→ **WHAT YOU HAVE TO DO**:
The records are to be copied word for word, and the pictures dropped.

Recorded data:

·····

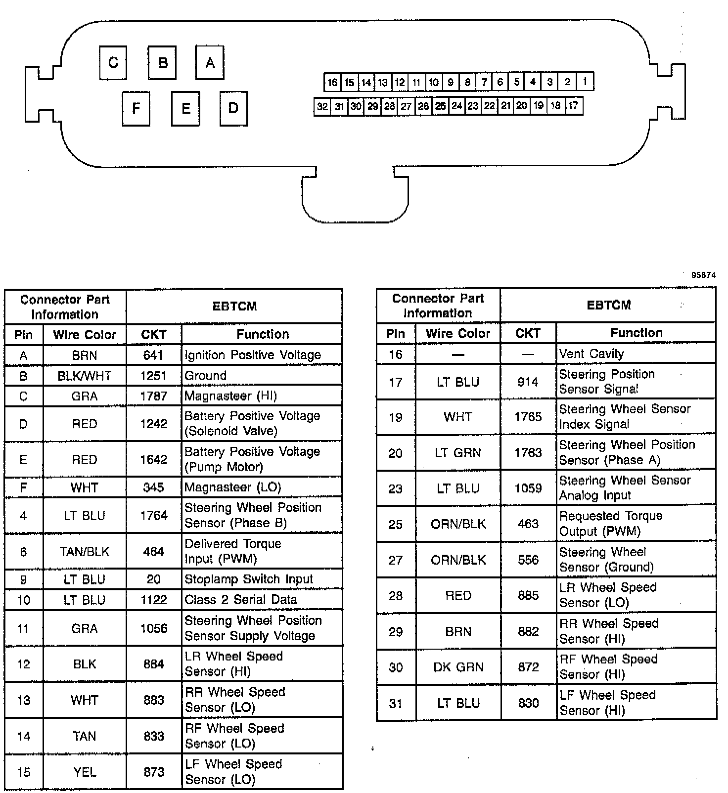EBTCM Connector Pinout Table:
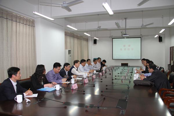 葛道凯司长(中)在机械技术中心与我校教师交流
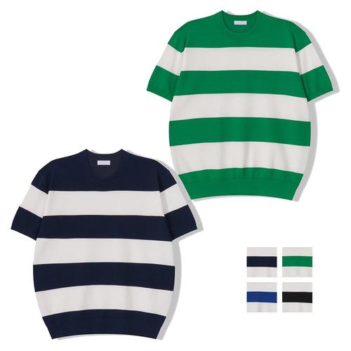 남자 워셔블 라운드넥 단가라 반팔 니트티 GN-KNH-Q014-네이비
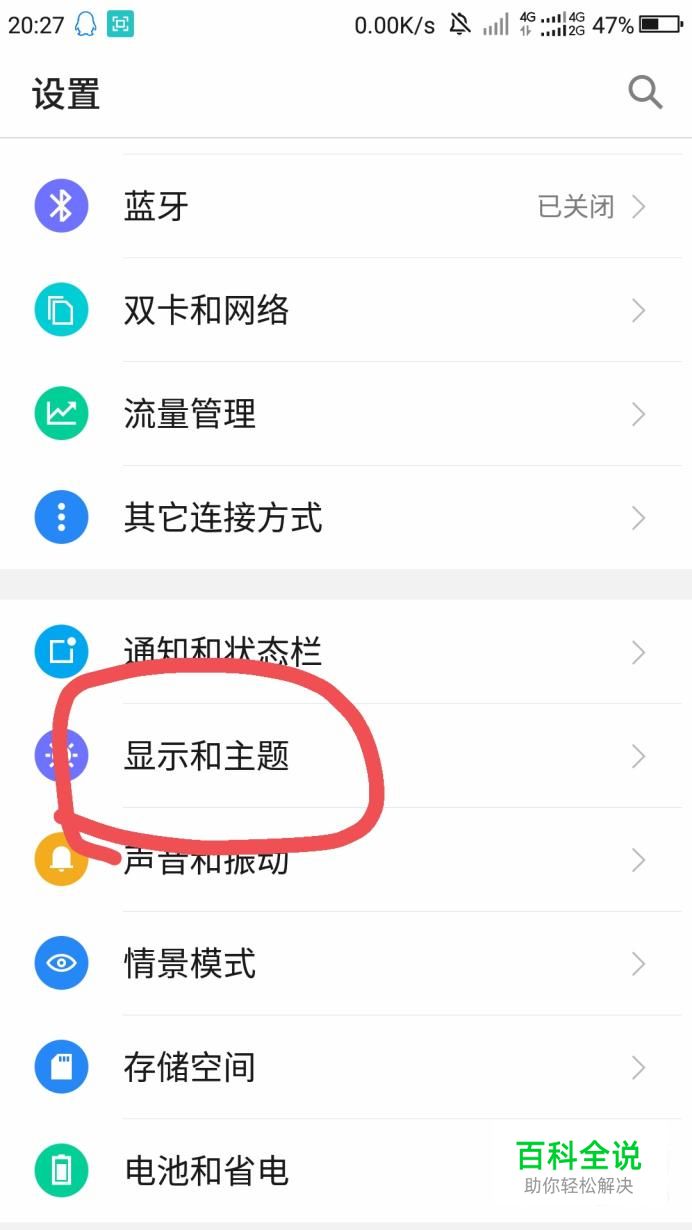 到“设置页面”之后,往下拉,找到“显示和主题”按钮,将其打开。
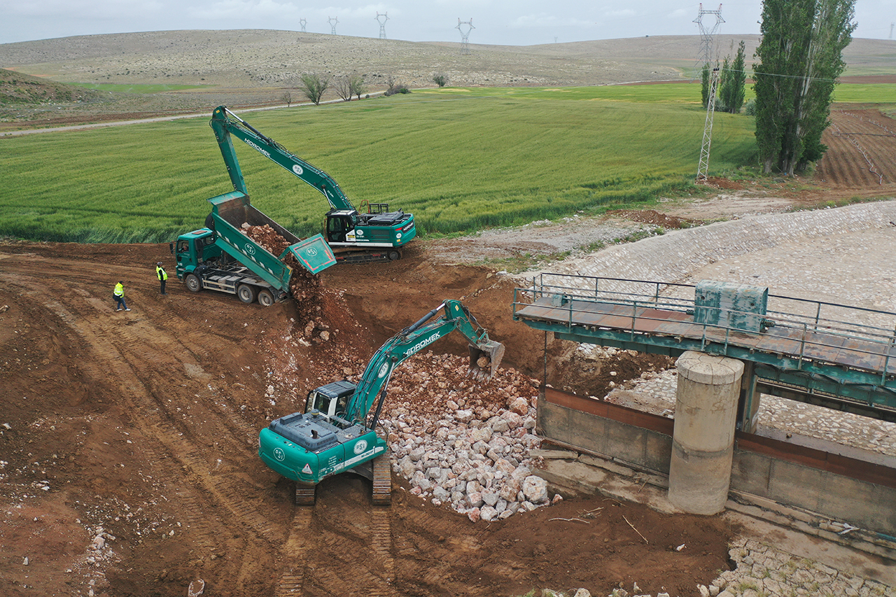 İş makineleriyle büyük kayalarla doldurulan yere, kil ve çakıl başta olmak üzere onlarca kamyon malzeme getirildi. Obruğun kapatılmasıyla kanala tekrar su verilmeye başlandı.
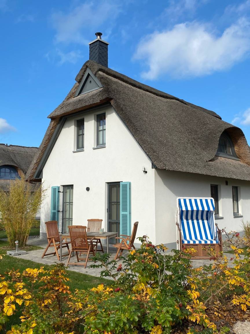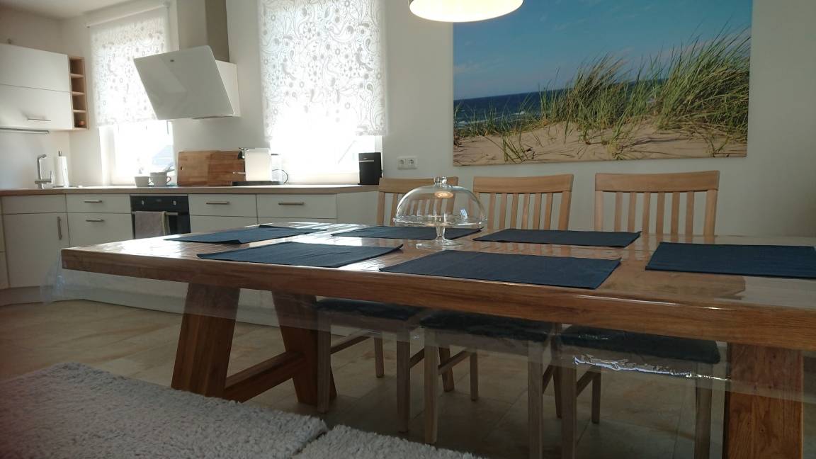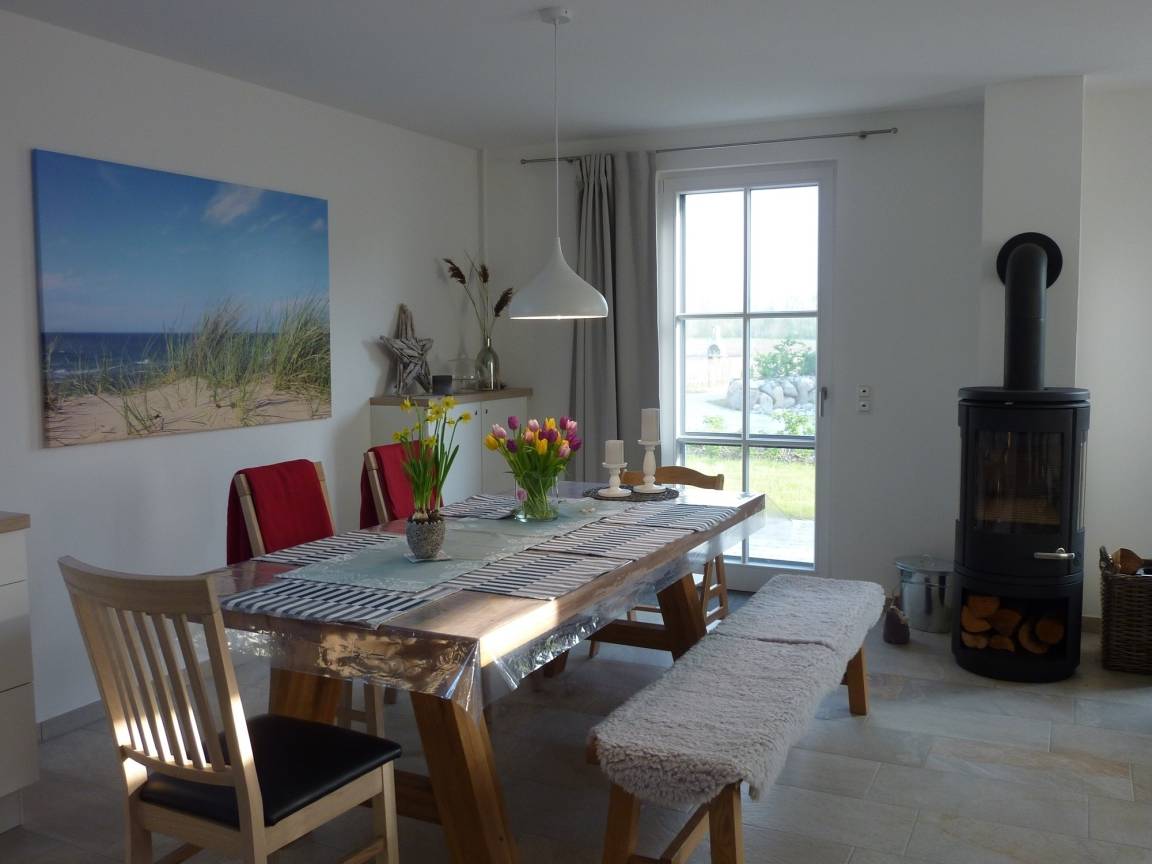 "Hygge" - das Glücksgefühl, das sich einstellt, wenn man mit Familie und Freunden gemeinsam Zeit verbringt, lacht, isst oder einfach mal in Ruhe die Natur genießt! Getreu nach diesem Motto freuen wir uns, Sie in unserem 2018 neu erbauten Reetdachferienhaus begrüßen zu dürfen. Eingebettet von einem typisch norddeutschen Steinwall mit im Sommer wunderbar duftenden Wildrosen und umgeben von einem schönen Garten, liegt das Ferienhaus nur wenige Minuten zu Fuß vom Meer entfernt. Bereits beim Durchschreiten des weißen Gartentörchens werden Sie in Urlaubsstimmung versetzt. Das gesamte Haus ist im nordisch, leichten Scandi - Style eingerichtet. Im großzügigen, ebenerdigen Wohn- u. Essbereich mit kompl. eingerichteter Küche, lässt es sich wunderbar entspannt u. ausgiebig frühstücken, stundenlang spielen oder genüsslich "chillen" - Internet-TV (mit Netflix) und Musikanlage vorhanden! Sauna mit Wellnessdusche, separates WC mit Fenster u. Hauswirtschaftsraum mit Waschmaschine, Wäscheständer, Bügeleisen u. -brett befinden sich ebenfalls im Erdgeschoss.
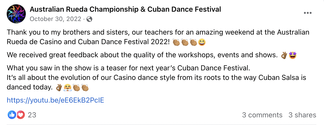At the same time, there is good reason to remain skeptical about the back-stepping habits in the forms of dancing associated with the labels Cuban Salsa and Timba portrayed as more recent and “evolved” by the Australian Rueda de Casino Championship organisers in 2022.
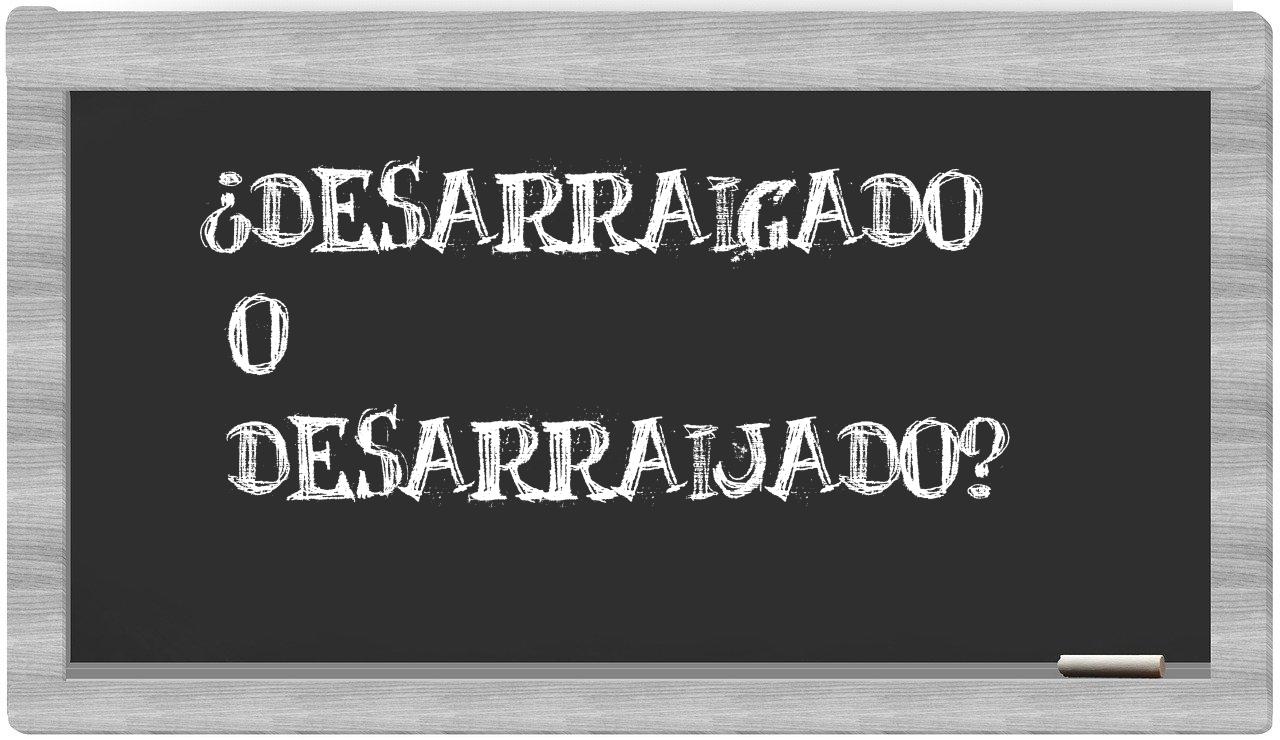 Referente a la distinción que debe hacerse entre desarraigado y desarraijado, no debes experimentar incertidumbre, puesto que únicamente desarraigado es la forma adecuada que figura en el Diccionario de la Real Academia Española, mientras que desarraijado carece de reconocimiento en dicho compendio lingüístico.

·····

→ **YOUR RESPONSE**:
EBTCM Connector Pinout Table:
 葛道凯司长(中)在机械技术中心与我校教师交流
 남자 워셔블 라운드넥 단가라 반팔 니트티 GN-KNH-Q014-네이비
 到“设置页面”之后,往下拉,找到“显示和主题”按钮,将其打开。
 İş makineleriyle büyük kayalarla doldurulan yere, kil ve çakıl başta olmak üzere onlarca kamyon malzeme getirildi. Obruğun kapatılmasıyla kanala tekrar su verilmeye başlandı.
 "Hygge" - das Glücksgefühl, das sich einstellt, wenn man mit Familie und Freunden gemeinsam Zeit verbringt, lacht, isst oder einfach mal in Ruhe die Natur genießt! Getreu nach diesem Motto freuen wir uns, Sie in unserem 2018 neu erbauten Reetdachferienhaus begrüßen zu dürfen. Eingebettet von einem typisch norddeutschen Steinwall mit im Sommer wunderbar duftenden Wildrosen und umgeben von einem schönen Garten, liegt das Ferienhaus nur wenige Minuten zu Fuß vom Meer entfernt. Bereits beim Durchschreiten des weißen Gartentörchens werden Sie in Urlaubsstimmung versetzt. Das gesamte Haus ist im nordisch, leichten Scandi - Style eingerichtet. Im großzügigen, ebenerdigen Wohn- u. Essbereich mit kompl. eingerichteter Küche, lässt es sich wunderbar entspannt u. ausgiebig frühstücken, stundenlang spielen oder genüsslich "chillen" - Internet-TV (mit Netflix) und Musikanlage vorhanden! Sauna mit Wellnessdusche, separates WC mit Fenster u. Hauswirtschaftsraum mit Waschmaschine, Wäscheständer, Bügeleisen u. -brett befinden sich ebenfalls im Erdgeschoss.
At the same time, there is good reason to remain skeptical about the back-stepping habits in the forms of dancing associated with the labels Cuban Salsa and Timba portrayed as more recent and “evolved” by the Australian Rueda de Casino Championship organisers in 2022.
 Referente a la distinción que debe hacerse entre desarraigado y desarraijado, no debes experimentar incertidumbre, puesto que únicamente desarraigado es la forma adecuada que figura en el Diccionario de la Real Academia Española, mientras que desarraijado carece de reconocimiento en dicho compendio lingüístico.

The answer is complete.